Teams are not defined on an organization chart. Rather, they consist of members of different organizational units, and increasingly, include members from outside the organization. Reporting lines on an organization chart are clear, as are the organizational boundaries between units. Roles, responsibilities, priorities, processes for working together in a unit are well-defined. However, cross-functional teams operate in what is referred to as “the white space” – the areas between organizational units. The roles, responsibilities, boundaries, and processes for working together are often not clearly understood in the way they are within the formal organization.
Rather than setting teams up for success, most companies only address breakdowns across cross-functional teams when the dysfunction generates negative outcomes – when important deadlines are not met, when quality suffers, when sales don’t get made.
Teams are often brought together and expected to “just get on with it”. But, as Bersin’s research shows, organizations do not pay sufficient attention to setting up teams for success. When forming teams, ideally, leaders should include individuals known for “spanning boundaries”. These are people who have relationships that cross organizational units and can bring a broader perspective to cross-functional efforts and build trust. However, while putting boundary spanners (if you know who they are) on teams can help, it’s not sufficient.
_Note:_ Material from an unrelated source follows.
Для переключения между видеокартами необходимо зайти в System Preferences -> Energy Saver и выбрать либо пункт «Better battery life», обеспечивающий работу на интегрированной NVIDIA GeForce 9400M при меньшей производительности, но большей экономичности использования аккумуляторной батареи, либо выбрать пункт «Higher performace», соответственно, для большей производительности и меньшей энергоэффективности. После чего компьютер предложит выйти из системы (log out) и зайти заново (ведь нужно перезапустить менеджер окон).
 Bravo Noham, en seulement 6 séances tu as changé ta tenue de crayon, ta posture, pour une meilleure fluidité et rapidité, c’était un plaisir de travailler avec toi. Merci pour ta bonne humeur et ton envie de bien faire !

In all cases where teams go awry, there is generally a lack of a full, shared picture of how they are operating. Team members work within their own silos without an appreciation for how their work and their partners’ work interface and are in service to collective goals. There is often a lack of recognition of other priorities team members must address (in other aspects of their jobs) and how that impacts their participation in the team. Assumptions are made about each other and experienced as “truth” by those making the inferences. Working under time pressures, with a great deal of ambiguity and complexity in the environment, team members don’t take the time to talk and understand the other’s perspective. Rather, problems devolve into a blame game.
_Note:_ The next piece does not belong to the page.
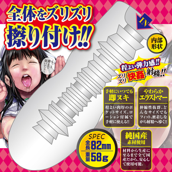 ![]() 性欲女子とサクッとひとヌキ!エーワン×尾髭丹が送る最強ミニオナホシリーズ!肉ヒダ突起の連続で射精感をグングン高めてくれるミニサイズの非貫通オナホール!全体をズリズリ擦り付け、鋭利な凹凸が射精へ導く!程よい肉厚のポケットサイズの、ローション付属なので手軽に使える!更に材料から生産に至るまですべて国産で安心。
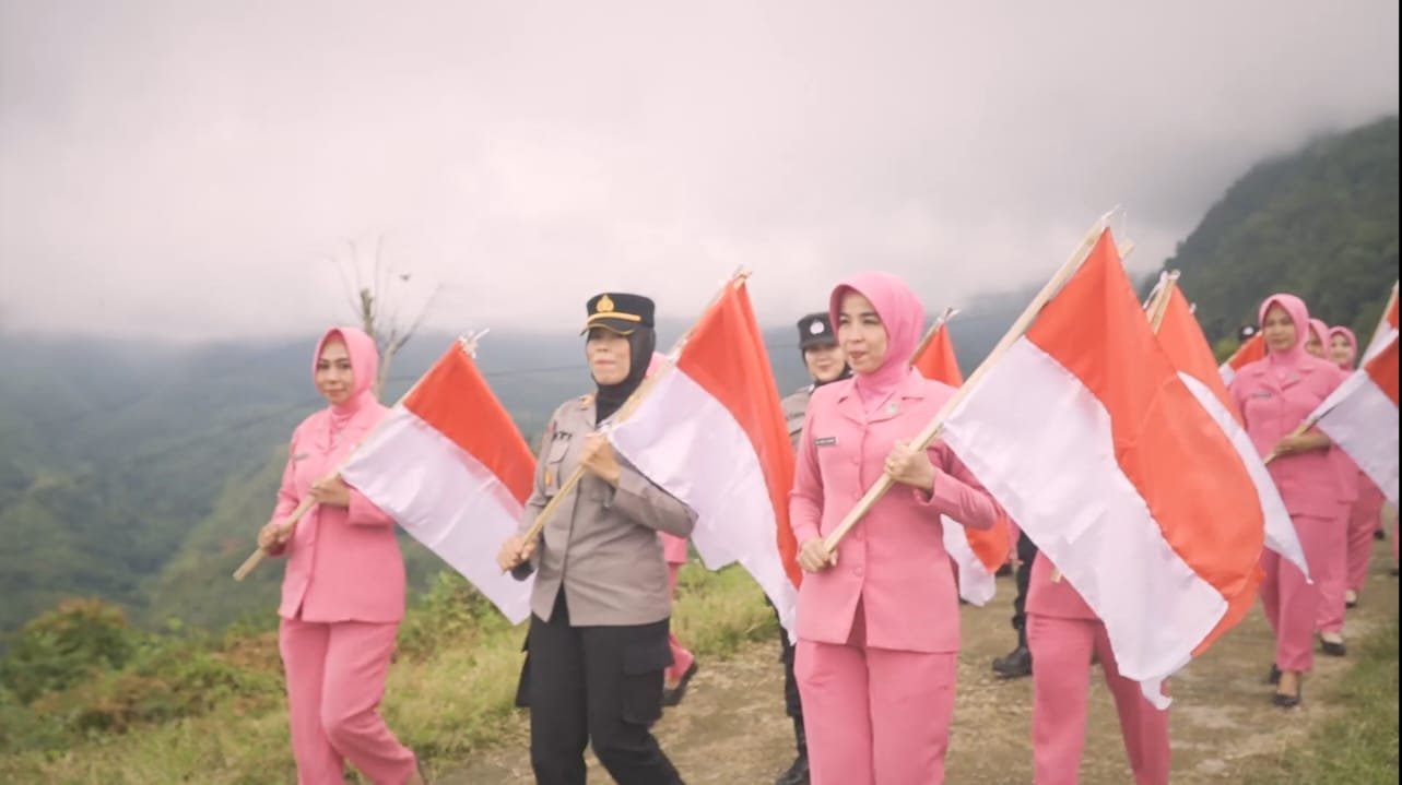 Sinjai – Dalam rangka Hari Ulang Tahun (HUT) Republik Indonesia Ke 78, Polwan Polres Sinjai bersama Bhayangkari mengibarkan Bendera Merah Putih di puncak tahura, di Kecamatan Sinjai Borong, Kabupaten Sinjai.

There is little wonder, then, that companies try to address these issues by training their employees to be accountable and to own the collective work. Changing employees’ mindsets about accountability won’t solve the problem, however. The work of the team is, first and foremost, to establish a foundation for working together effectively. Sure, the team needs to understand the goal of the team’s work – what it must produce. But teams often focus on the “what” of their work and not on the “how” of their work together.
There are several instances where I’ve worked to turn around cross-functional teams that have come undone. Sometimes the teams are temporary, project teams – working to build a new product or service. Other times the teams are cross-functional partners who regularly work together to deliver services to customers and manage risks for the business.
Turning a Team Around
I worked with a commercial bank to address a breakdown in coordination between loan officers and risk managers. There is a natural check and balance that needs to be in place between these groups so that sales are generated without taking on too much risk of loss. Those checks and balances can become a source of great conflict.
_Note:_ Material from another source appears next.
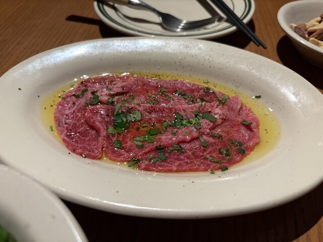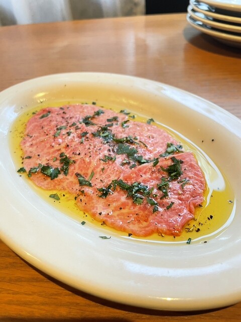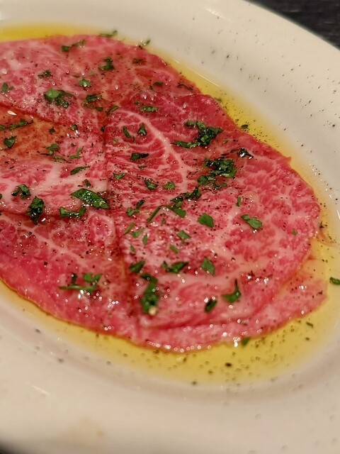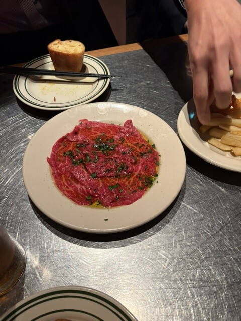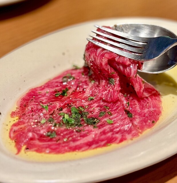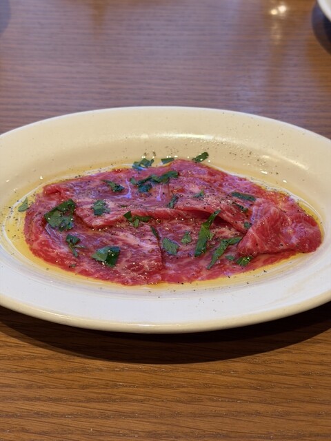 お店のイチオシは炭火グリルで焼き上げたステーキやタルタルステーキにカルパッチョだそうでそちらをオーダーしました。︎認定生食用食肉取扱認定店許可を取得...

In this case, there was considerable back-and-forth between the loan officers and the risk managers such that the loan originators were unable to meet client needs and their own sales goals. The loan officers and the risk managers thought that their goals were in conflict. Rather than work together to write loans that met both interests (i.e., the sale of the loan at an acceptable level of risk), an adversarial relationship developed.
My colleagues and I conducted interviews and focus groups with each organizational unit to understand their unique perspectives. We learned that the heads of each group had worked together to come up with shared goals but, on the ground, their people experienced these as separate and conflicting goals. There were various things getting in the way of effective teamwork, so we brought together key people from each function in a facilitated discussion to review our findings, develop a shared view of how they were operating and what was getting in the way, and then to devise simple solutions that they could put in place to function effectively. As a result, team members had their false assumptions debunked and, instead, they removed the bottle necks that were threatening the profitability of the business and developed mutual respect and shared accountability.